La de Donald Trump es la estrategia del agente inmobiliario que tantea el terreno, se muestra agresivo con su oponente y, si encuentra resistencia, se repliega para buscar nuevas rutas.
Rafael Cuevas Molina / Presidente AUNA-Costa Rica
La política exterior de Donald Trump y su equipo pareciera ser de prueba y error, de avances atrevidos que levantan polvareda, sofocos, gritos, reuniones apresuradas y bravuconadas que tantean la reacción de sus oponentes a los que luego deja colgados para pasar a ocuparse de otra cosa si encuentran muy tortuoso el camino. Esos avances están siempre precedidos de amenazas, rumores y noticias falsas para, por último, dejar ir un golpe contundente si tienen la oportunidad.
Así fue con Venezuela, a la que fueron cercando por meses, agregando poderío militar como pocas veces se ha visto en el pasado, para al final dejar ir el mazazo que deja aturdido a su enemigo.
En Irán parece haber una estrategia parecida: están acumulando fuerzas, desvían la atención con lo de las supuestas conversaciones (que nadie sabe a ciencia cierta si se están dando o no) y seguramente en algún momento intentarán dar un golpe militar fulminante.
En América Latina la estrategia es distinta. Aquí tienen una corte de advenedizos que se apresuran a manifestarle lealtad y se mueren de la alegría por las ocurrencias del señor aspirante a emperador del imperio en decadencia.
Hasta la siempre modosita Costa Rica, que siempre se ufanó de su vocación civilista y tenía algunos arrestos para guardar las formas, se ha desbocado en estos días. Uno de los cuatro asesores que la presidenta recién electa -que tomará posesión del cargo en mayo- nombró con bombos y platillos en una de sus primeras decisiones, ha propuesto que en el país se establezcan un par de bases militares norteamericanas para resolver el problema del narcotráfico. Como se ve, los Estados Unidos ya ni siquiera tienen que proponer, porque tienen agentes locales que se apresuran a ahorrarle el esfuerzo.

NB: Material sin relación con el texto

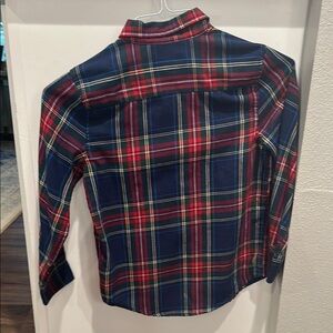 This Wrangler button-down shirt features a classic blue and red plaid design, perfect for casual wear. Made from comfortable fabric, it offers a timeless style with its traditional tartan pattern.
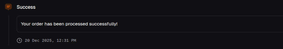 Displays a message to the user. Supports simple text, numbers, objects, arrays, or rich block content.

La de Donald Trump es la estrategia del agente inmobiliario que tantea el terreno, se muestra agresivo con su oponente y, si encuentra resistencia, se repliega para buscar nuevas rutas. Eso es lo que está pasando con Groenlandia, a la que parece haber dejado en paz después del escándalo que armó y que puso a sus aliados europeos en alerta.
Trump no ha llegado, sin embargo, al meollo de lo que realmente le interesa: China. Todas las vueltas que da son solo posicionamientos para tratar de disminuir su influencia en la parte del mundo que tradicionalmente ha dominado.
En América Latina, además de buscar reducir o, mejor aún, desaparecer su ya grande presencia, quiere garantizarse sus recursos naturales, que le son estratégicos en su batalla contra su rival asiático.
En Groenlandia también. A estas alturas, a todos nos ha quedado claro la importancia estratégica que ha adquirido la Antártida con el deshielo en curso gracias al cambio climático. En esa parte del mundo, es China también el ogro que asusta.
Y ni qué se diga con Irán. Si alguien no lo sabía, ahora ya tiene que estar enterado del valor estratégico que tiene para Asia, especialmente para China, su petróleo. Seguramente, quienes tengan a bien leer este artículo han de manejar a estas alturas los porcentajes del crudo que pasan por el estrecho de Ormuz, los destinatarios, los kilómetros de ancho del estrecho y el nombre de las estratégicas islas que Estados Unidos está tanteando atacar.
Recuérdese que el señor Trump apenas tiene un año y dos meses en el puesto, y que sus idas y venidas apenas están comenzando. En el camino ya dejó varada a Ucrania, a la cual no hay visos de que vaya a echarle una mano, más bien pareciera que hará todo lo posible por ayudar a terminar de hundirla, y por Groenlandia regresará en algún momento.
Que eventualmente las cosas no le resulten tal y como se había propuesto, no quiere decir que no tenga claro a dónde quiere llegar. Que sea torpe en el alcance de sus objetivos es otro cuento, y puede ser que esa circunstancia termine pasándole la factura.